Thursday, December 2, 2010


If you ask the Arizona Court of Appeals, parents may be liable for harm caused when their kid crashes the family car, even when the kid drives without permission.  The reasoning lies in the case of Young v. Beck.  That case is currently on review at the AZ Supreme Court.  Therefore, parents with driving children may want to watch this case carefully. 

The facts giving rise to Young v. Beck are typical of many households with teenagers.   Jason Beck, 17, was joy riding with his friends in a car provided by his parents.  On his way home, Jason crashed into Young who received serious injuries. However, the rub here is that the Becks told Jason that he could no longer have friends in the car because of a previous accident. He was only to drive the car to school, church, or work. Therefore, Jason did not have permission to joy ride as he did on the day of the accident.   

So, why are his parents liable?  Arizona follows what’s called “The Family Purpose Doctrine.”  The Family Purpose Doctrine simply says that a parent who “furnishes an automobile for the pleasure and convenience of the members of his[/her] family makes the use of the machine . . . [the parents'] affair or business, and that any member of the family driving the machine with the [parents’] consent, either express or implied, is the [parents’] agent.” See, Benton v. Regeser.  In other words, if you let your kid drive the family car, you are responsible if the kid crashes the car.

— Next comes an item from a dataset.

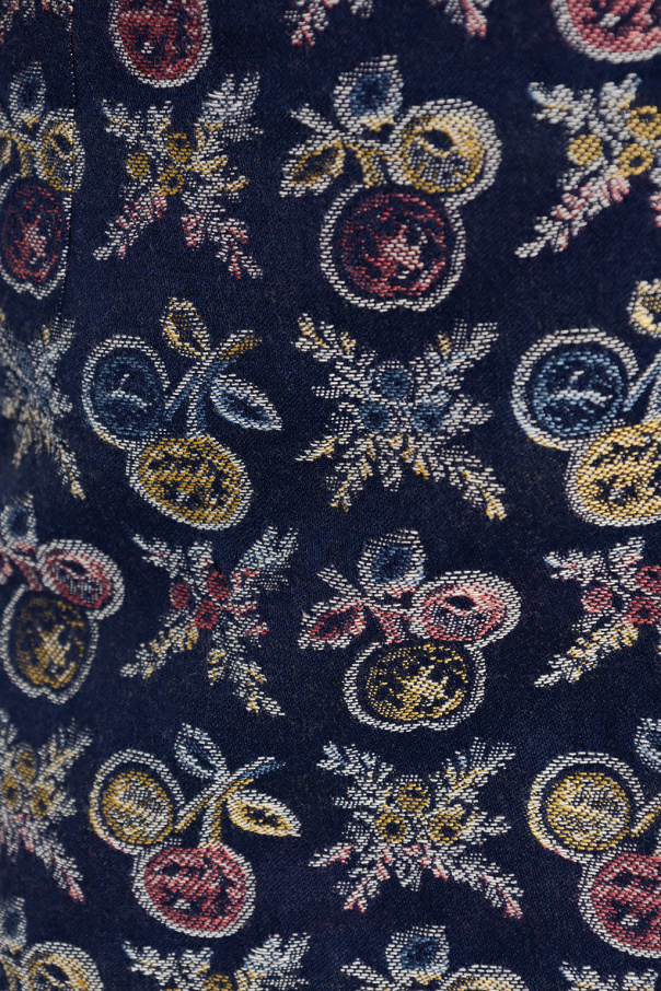 Navy blue mini skirt from Etro. Embellished with a colourful jacquard pattern with a motif of fruits, this style features a hidden side zipper with a hook & eye closure and a frontal slit for walking ease.
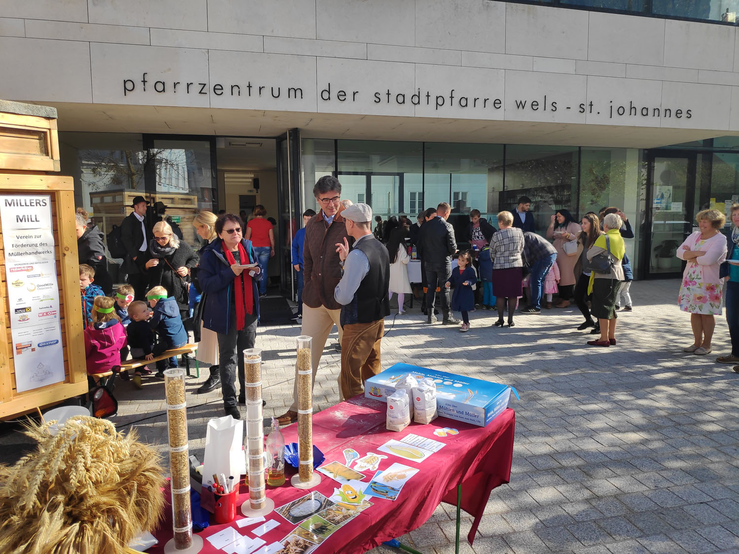 Nach dem Gottesdienst waren noch alle ins Pfarrzentrum eingeladen. Herr Karl Lengauer hatte seine mobile Schaumühle vor dem Pfarrzentrum aufgestellt und die Kinder waren eingeladen ihr eigenes Mehl zu mahlen. Dazu konnten gleich frisch zubereitete Waffeln, ob süß oder sauer, verkostet werden.

In Young v. Beck, the Becks argued at trial that Jason did not have express permission to use the car for driving his friends. Therefore, the Becks argued they should not be liable under the Family Purpose Doctrine. The Court, however, reasoned that the Becks gave Jason implied consent to drive the car for family purposes because Jason had permission to drive the car for many other purposes.

So, what’s the moral of the story? If you have an accident prone child, take away the car keys and deny him or her the right to drive your car. Therefore, when he or she crashes the car and subjects you to liability, you’ll have an excuse at Court why your disobedient child should be the only person responsible for the damage. But, that’s easier said than done.  Your other choice is to carry a huge insurance policy.